LGBTQ+ organizations, activists, and Democratic lawmakers in the state have supported the bill’s passage. “This decision only reinforces the urgent need for state-level protections,” said One Colorado, the state’s largest LGBTQ+ advocacy organization. “[HB 1322] provides a pathway for accountability, allowing survivors to seek justice against those who administer this harmful practice. We remain committed to ensuring that those responsible for such profound damage are held accountable.” Rep. Karen McCormick, a Democrat from Longmont, was blunt about the bill’s intent: “The purpose of this bill is seriously to send a chilling effect to any licensed professional therapist who may think about bringing that practice back.”

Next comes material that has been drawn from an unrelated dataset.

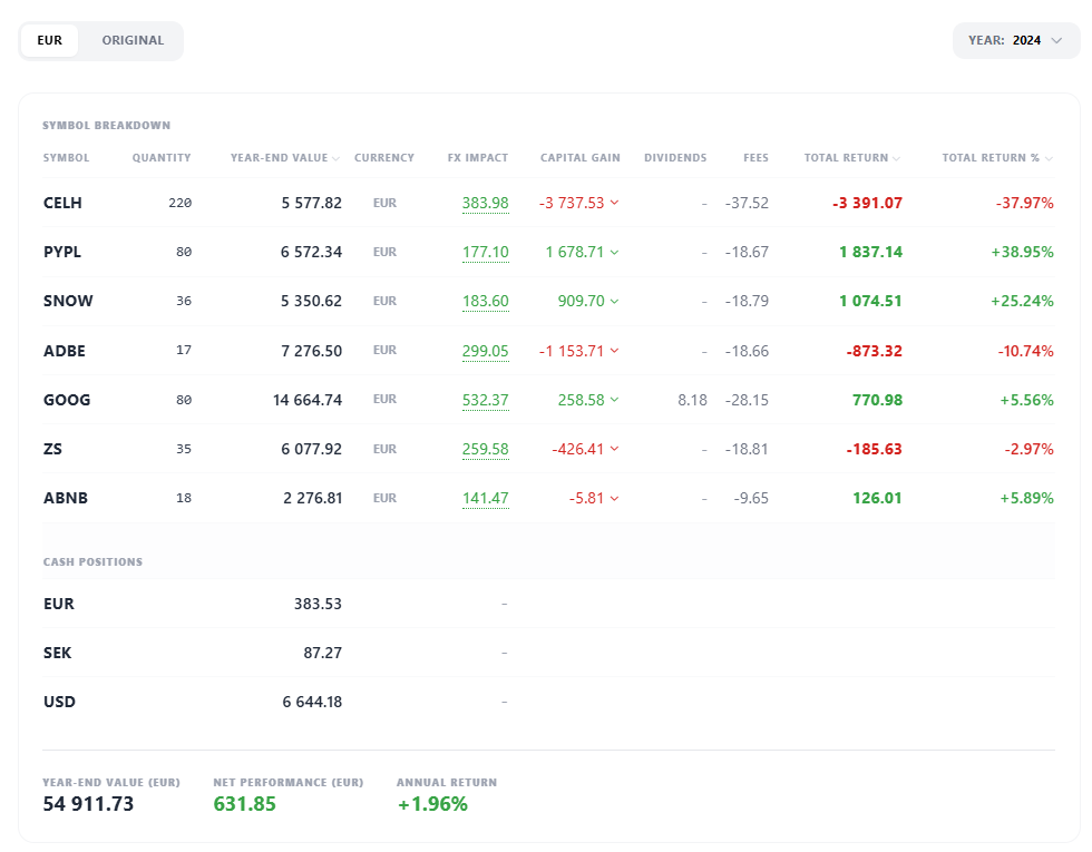 GIPS-compliant Modified Dietz calculations give you the complete picture — capital gains, dividends, fees, and real FX attribution. The same methodology used by institutional fund managers, now free for everyone.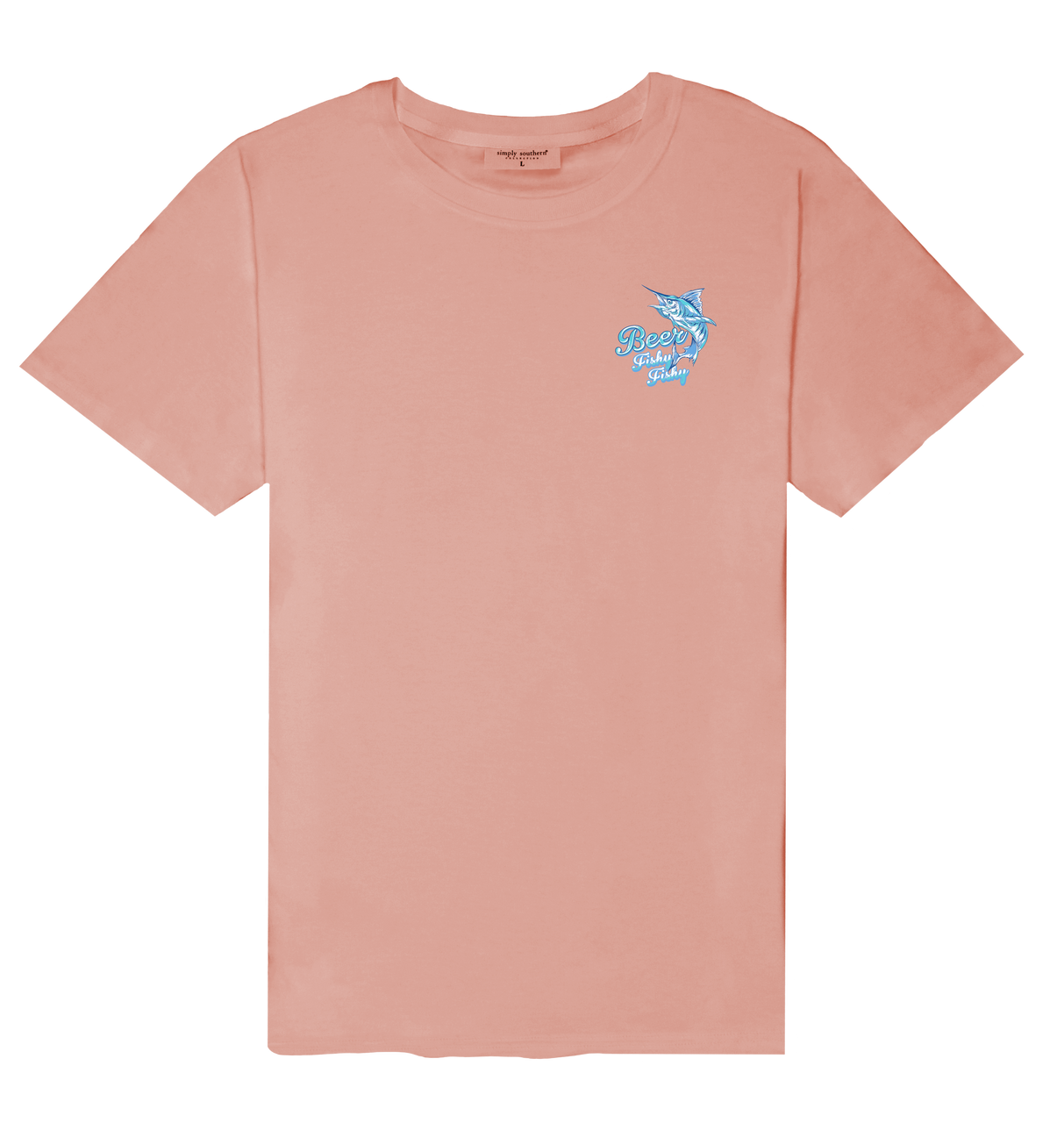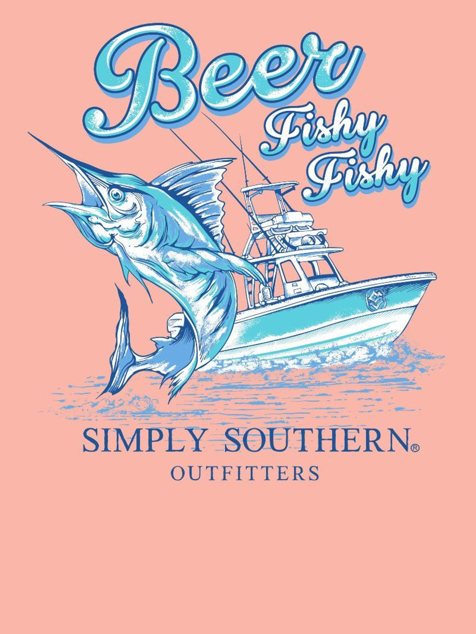 Cocktail orange short sleeve shirt with the phrase 'Beer fishy fishy' and a marlin jumping from the water with a boat in the background. Simply Southern logo below. Similar design on left chest. 100% cotton. Unisex sizing.

Conversion therapy is a discredited practice broadly decried by every major American medical organization. The APA concluded in a 2009 systematic review that the practice is “unlikely to be successful and involves risk of harm, including depression, suicidality, and anxiety,” and called for its total elimination. The United Nations has deemed conversion therapy a form of torture. A 2020 study published in the American Journal of Public Health found that LGBTQ+ youth subjected to conversion therapy were more than twice as likely to report attempting suicide. For transgender people specifically, conversion therapy often takes the form of so-called “gender exploratory therapy,” a rebranded approach that seeks to convince trans youth they are not actually transgender, keeping transition just out of reach by tricking trans youth that it might be offered if they jump through endless hoops while intending to deny it the entire way.

The bill now heads to the full Colorado Senate for a floor vote, where Democrats hold a 23-12 majority and passage is expected. Coloradans who support the bill can contact their state senator through the Colorado General Assembly’s legislator lookup tool. If the Senate passes the bill, it will go to Governor Polis, whose signature remains the final and most uncertain step. Polis, the first openly gay governor elected in the United States, signed the original 2019 conversion therapy ban and has called the practice “a scam and a waste of people’s hard-earned money”—but his office has stopped short of committing to sign this bill, saying only that he is “hopeful there is still time to construct a framework he could support.” What changes, if any, the governor is seeking remain unclear. The bill includes a safety clause that would make it take effect on July 1, 2026, and would exempt it from voter referendum. If signed, Colorado would become the first state in the country to use a private right of action to combat conversion therapy in the wake of the Supreme Court’s ruling.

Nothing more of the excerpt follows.